**What you will do**
What are the lines from the one with "are grumbling too." through the end of the records below, written out exactly and without the pictures?

**Data provided**
-.-.-
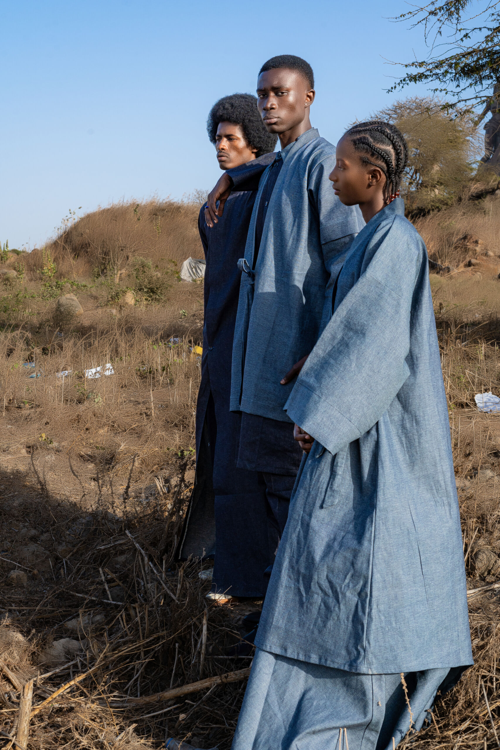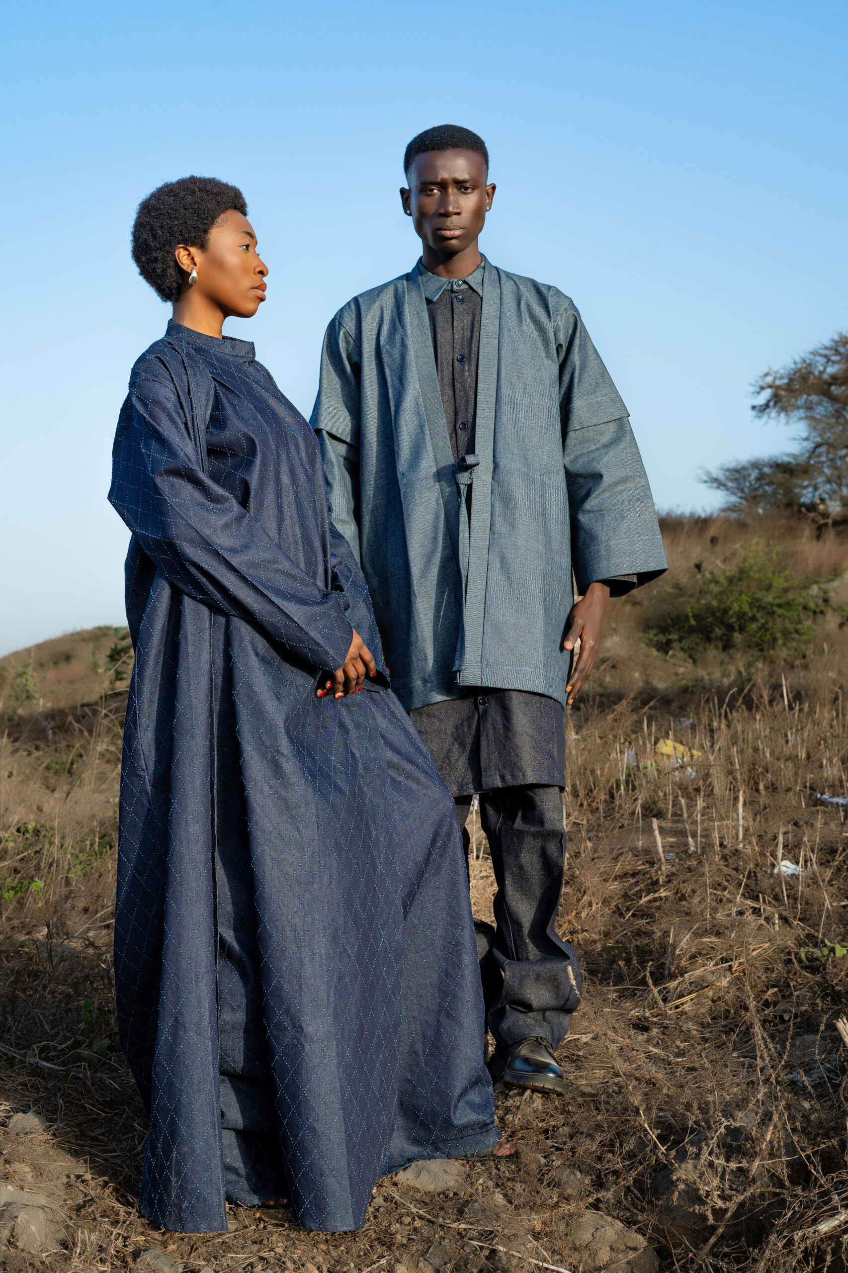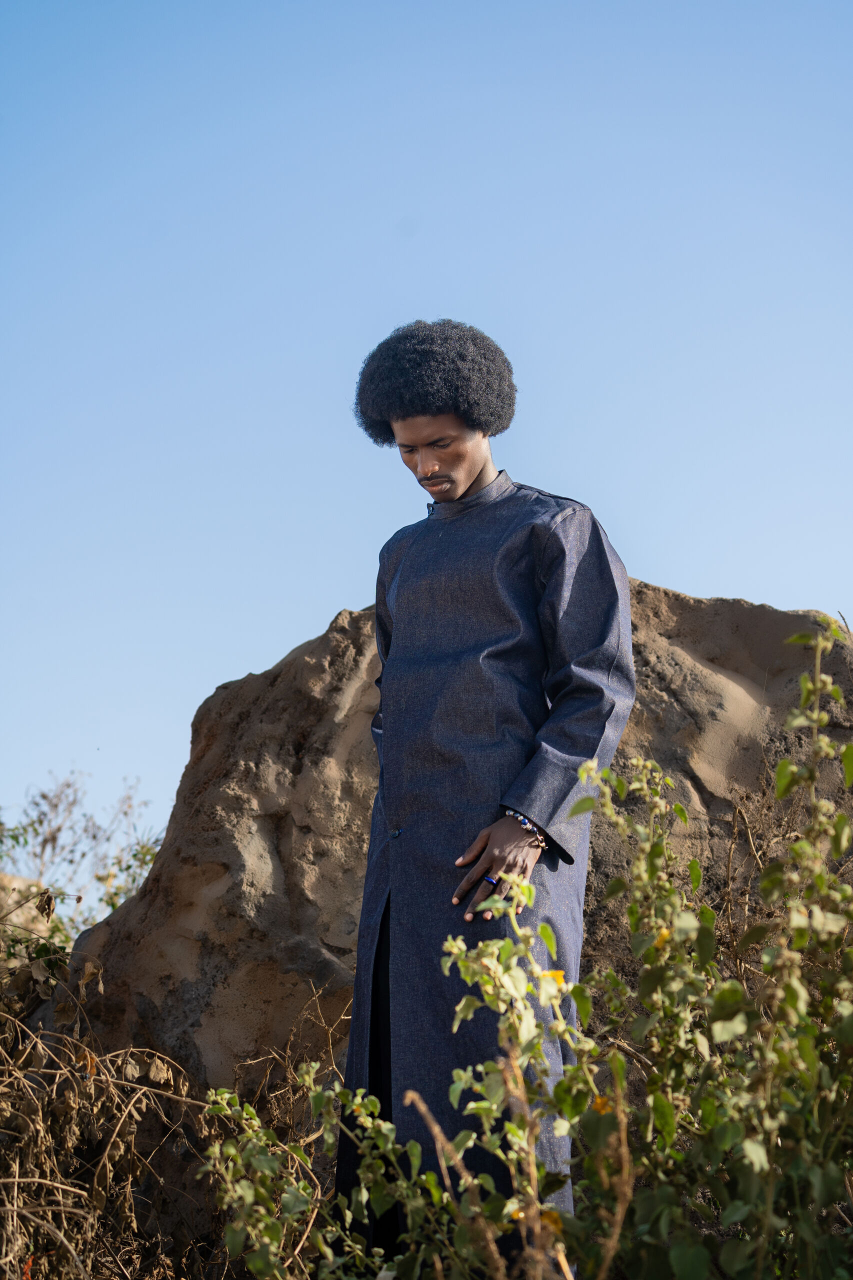 « Le Pont du Silence » (Homme) Il est né entre deux continents. À l’Ouest, les longues étoffes du Sahel, symboles de sagesse et d’autorité. À l’Est, la rigueur du col Mao, ligne droite et pensée juste. Cette pièce raconte l’histoire d’un homme qui ne choisit pas entre ses héritages : il les porte. Le boubou devient seconde peau, sculpté près du corps, épousant l’identité multiple de celui qui marche entre tradition et renouveau. C’est la tenue de l’homme en paix, mais jamais figé.
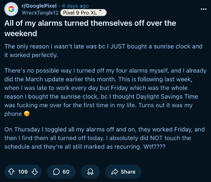 One user, WreckTangle12, posted, “All of my alarms turned themselves off over the weekend. There’s no possible way I turned off my four alarms myself.” Another, 3OneThird, chimed in, “My initial assumption was that I told Gemini to stop a timer that was going off and it cancelled all my alarms.” It’s a mess, and it’s mostly hitting Pixel 9 owners, though some folks with older models are grumbling too.
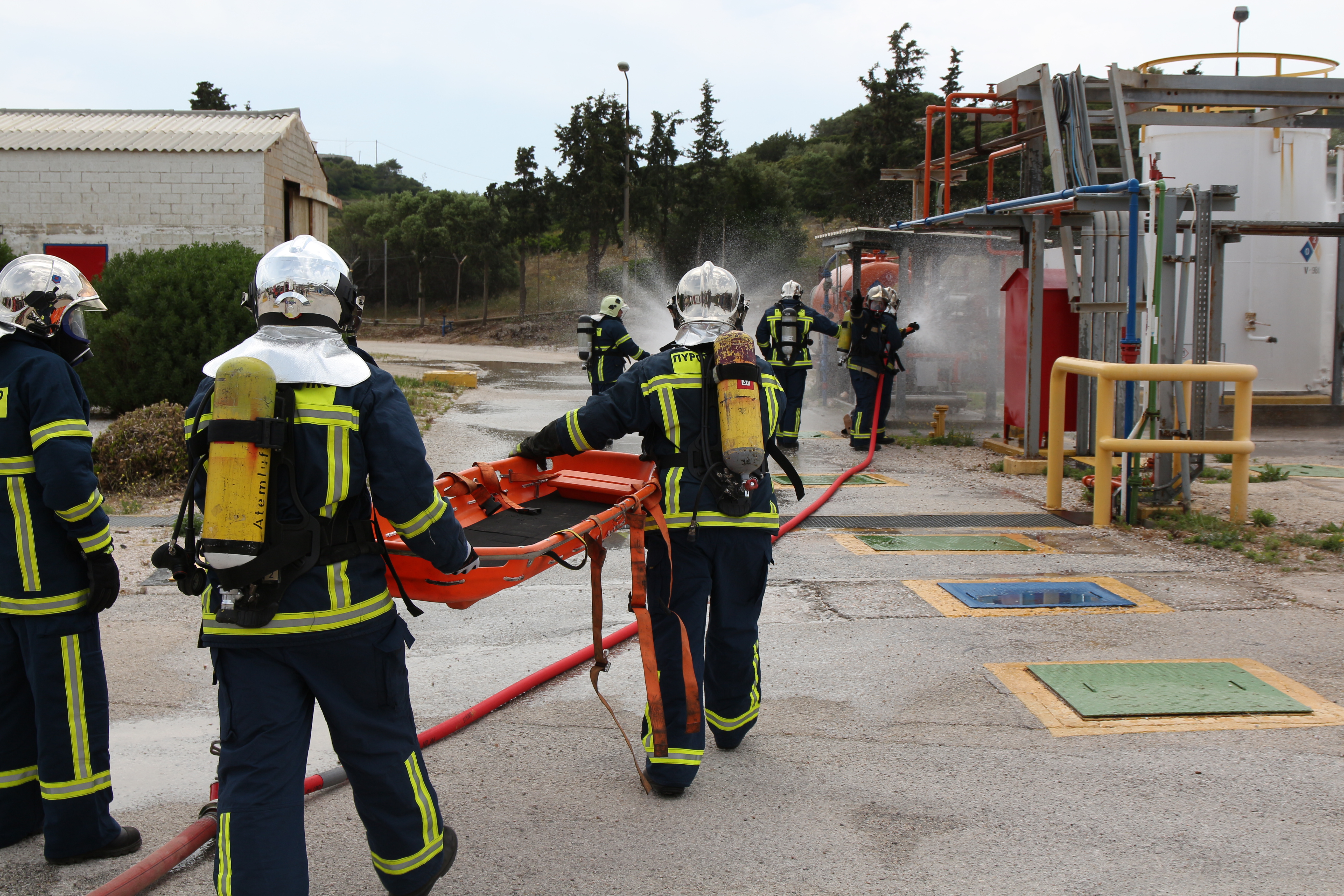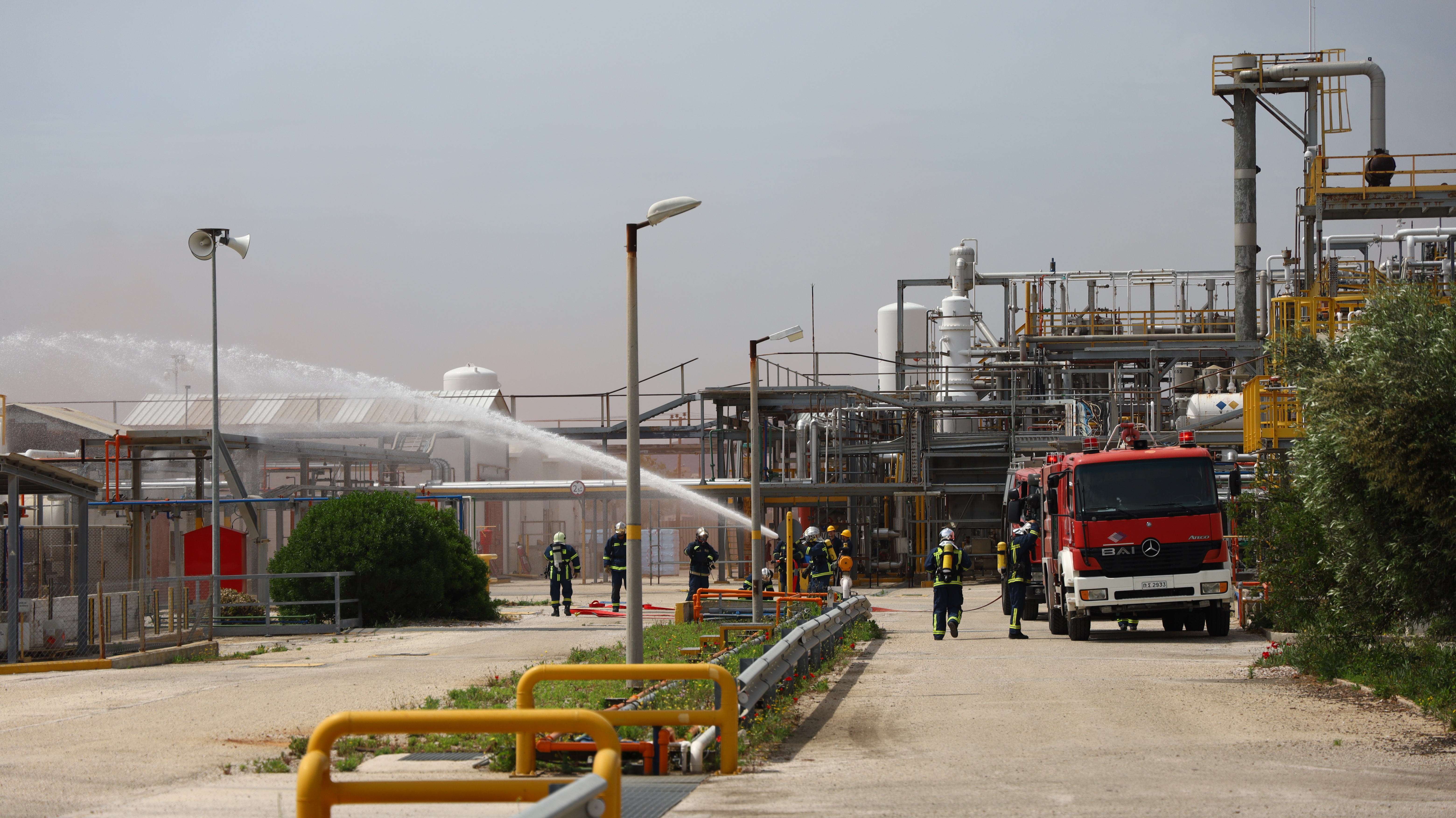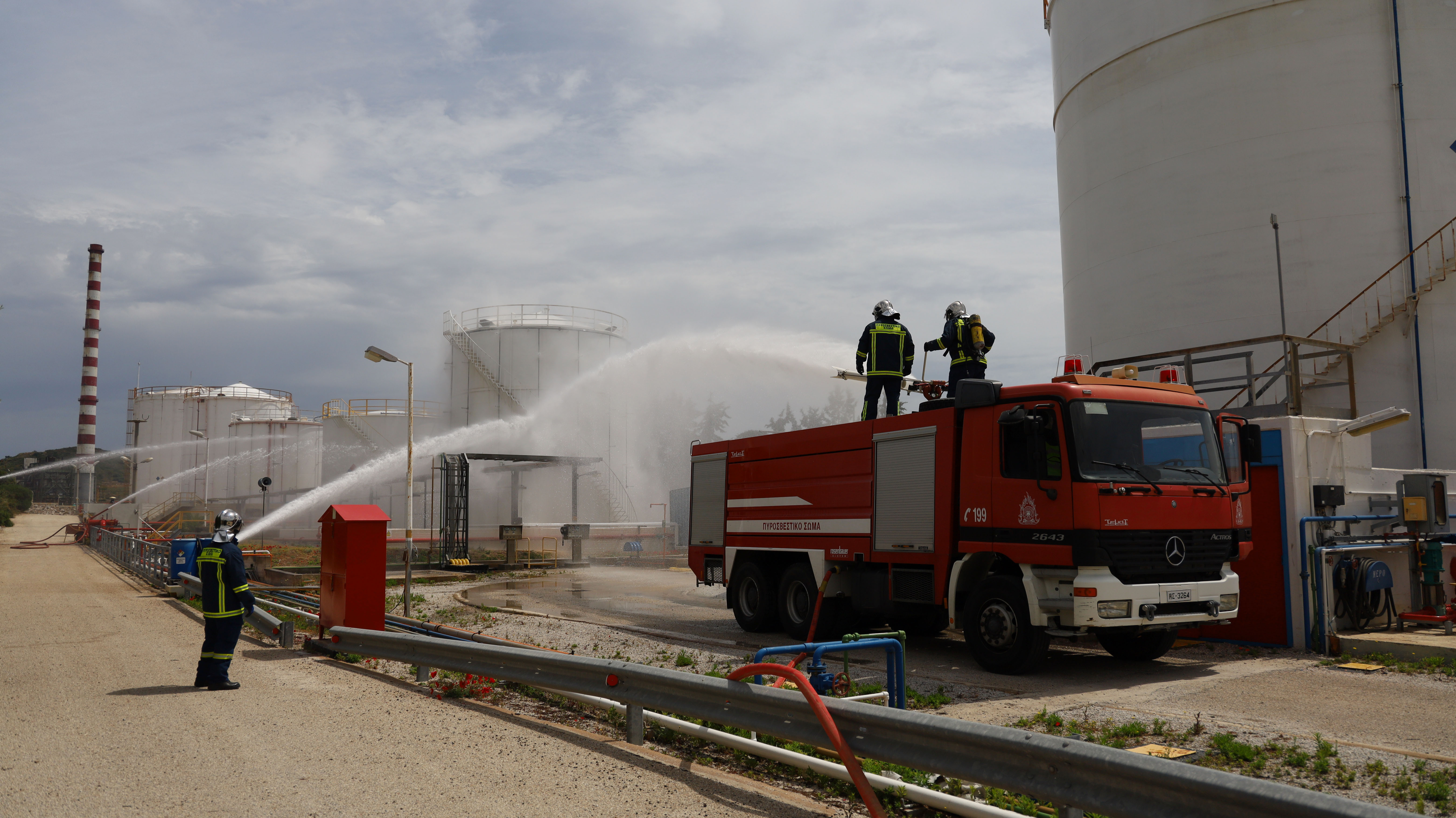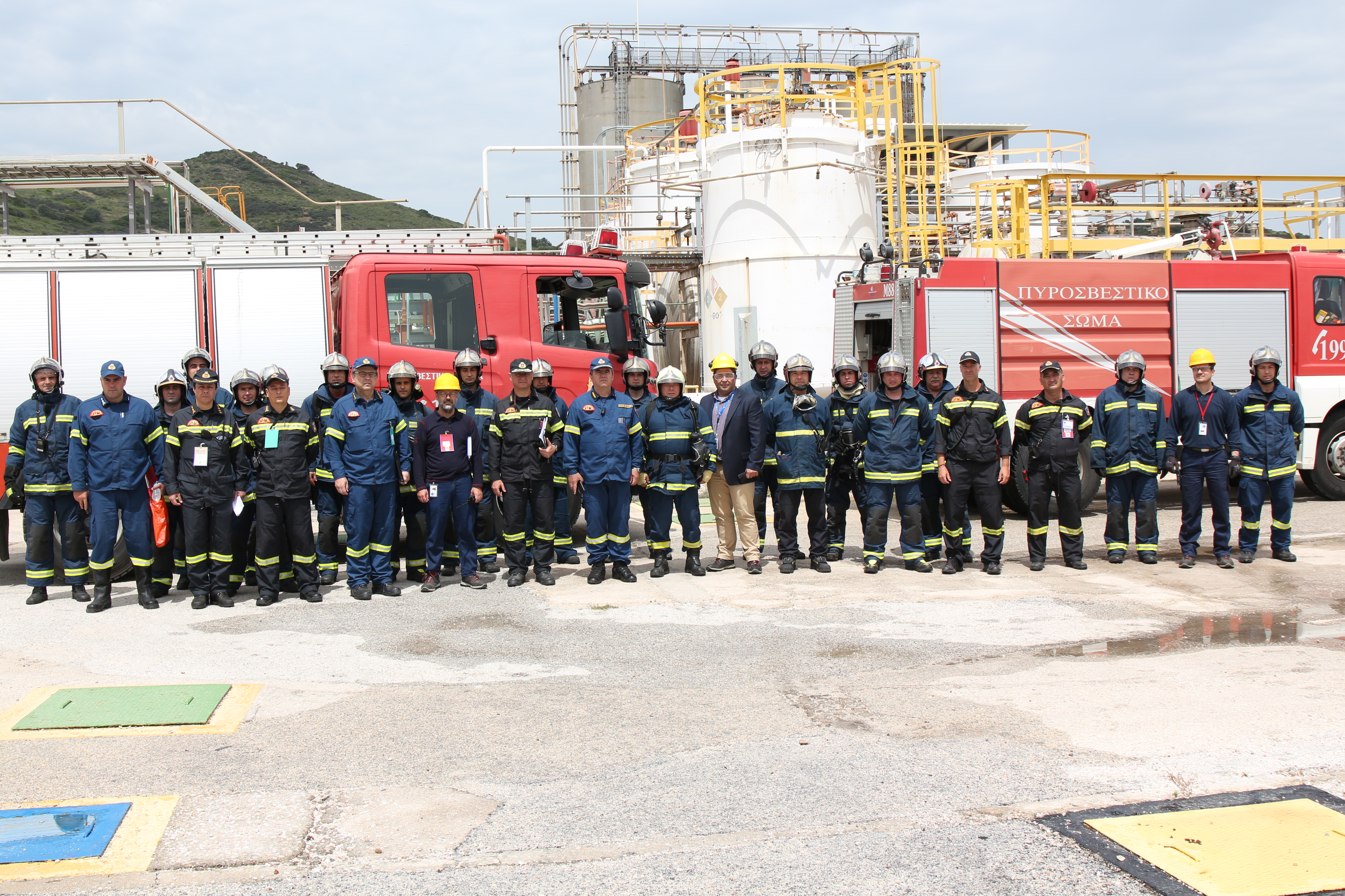Στην άσκηση έλαβαν μέρος η ομάδα πυρασφάλειας της επιχείρησης, προσωπικό και οχήματα από τις Π.Υ. Λαυρίου, Μαρκοπούλου και Κορωπίου και από την 1η Ε.Μ.Α.Κ., η ΕΛ.ΑΣ., η Τροχαία και το Ε.Κ.Α.Β.
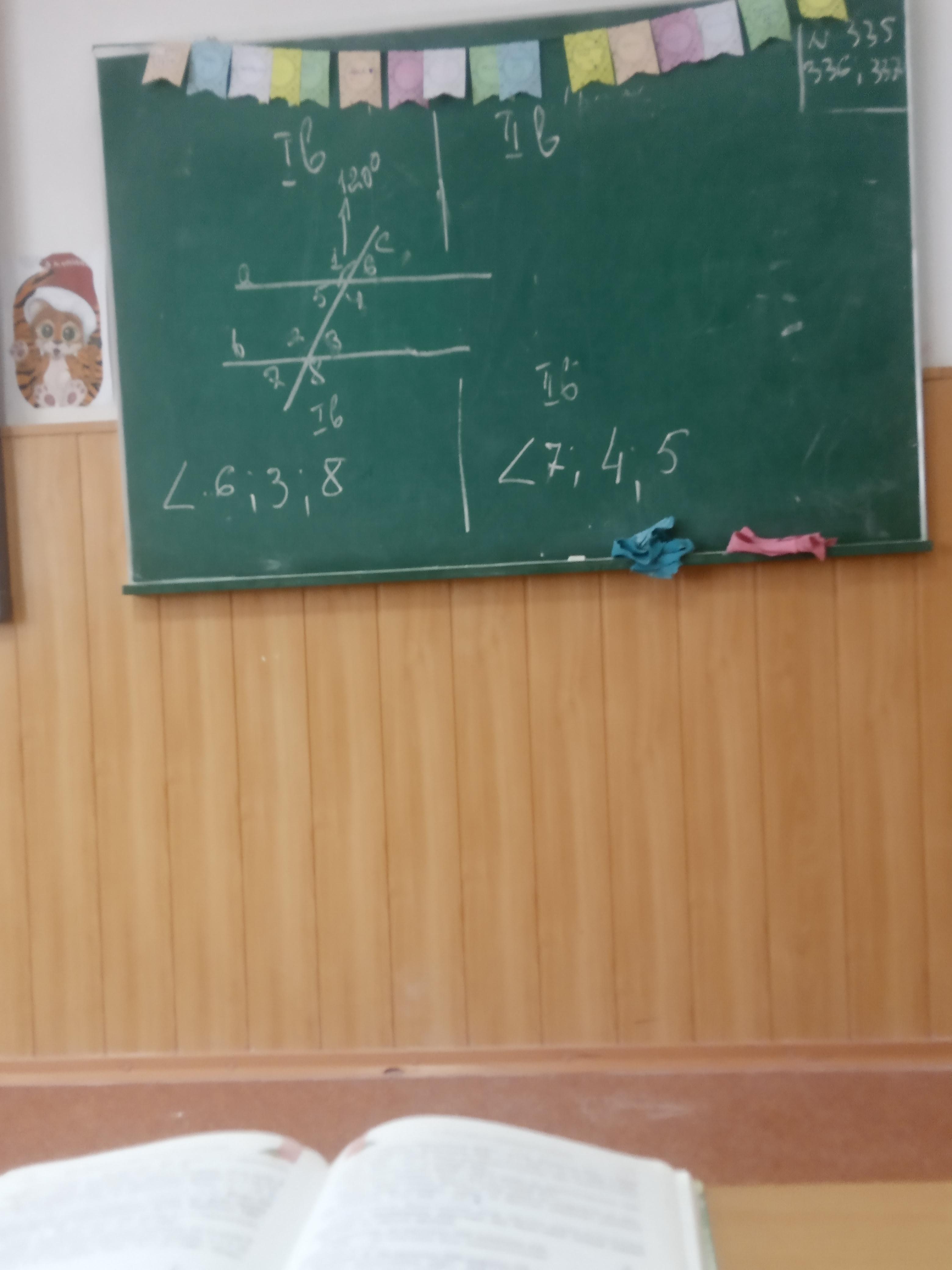 Угол 6 равен 180-120=60° как смежный с углом 1. Угол 6 равен углу 3, как соответственные, углу 5 как вертикальные, углу 7 как вертикальный к соответственному
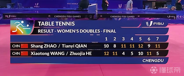 8月4日,艾弗森贝博ballbet官网乒乓球运动员钱天一/赵尚在成都大运会乒乓球项目女双决赛上经过7局激战,以4:3战胜队友何卓佳/王晓彤获得金牌。
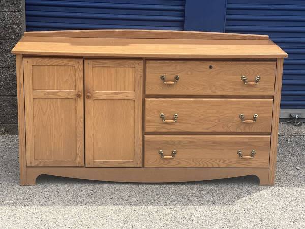 4 drawer plus storage golden oak dresser…..good condition and features laminate top, roller glides and original hardware. Cubby door has an adjustable/removable shelf inside. Measurements are 62”...
-.-.-
**Output for this task**
 One user, WreckTangle12, posted, “All of my alarms turned themselves off over the weekend. There’s no possible way I turned off my four alarms myself.” Another, 3OneThird, chimed in, “My initial assumption was that I told Gemini to stop a timer that was going off and it cancelled all my alarms.” It’s a mess, and it’s mostly hitting Pixel 9 owners, though some folks with older models are grumbling too.
Στην άσκηση έλαβαν μέρος η ομάδα πυρασφάλειας της επιχείρησης, προσωπικό και οχήματα από τις Π.Υ. Λαυρίου, Μαρκοπούλου και Κορωπίου και από την 1η Ε.Μ.Α.Κ., η ΕΛ.ΑΣ., η Τροχαία και το Ε.Κ.Α.Β.
 Угол 6 равен 180-120=60° как смежный с углом 1. Угол 6 равен углу 3, как соответственные, углу 5 как вертикальные, углу 7 как вертикальный к соответственному
 8月4日,艾弗森贝博ballbet官网乒乓球运动员钱天一/赵尚在成都大运会乒乓球项目女双决赛上经过7局激战,以4:3战胜队友何卓佳/王晓彤获得金牌。
 4 drawer plus storage golden oak dresser…..good condition and features laminate top, roller glides and original hardware. Cubby door has an adjustable/removable shelf inside. Measurements are 62”...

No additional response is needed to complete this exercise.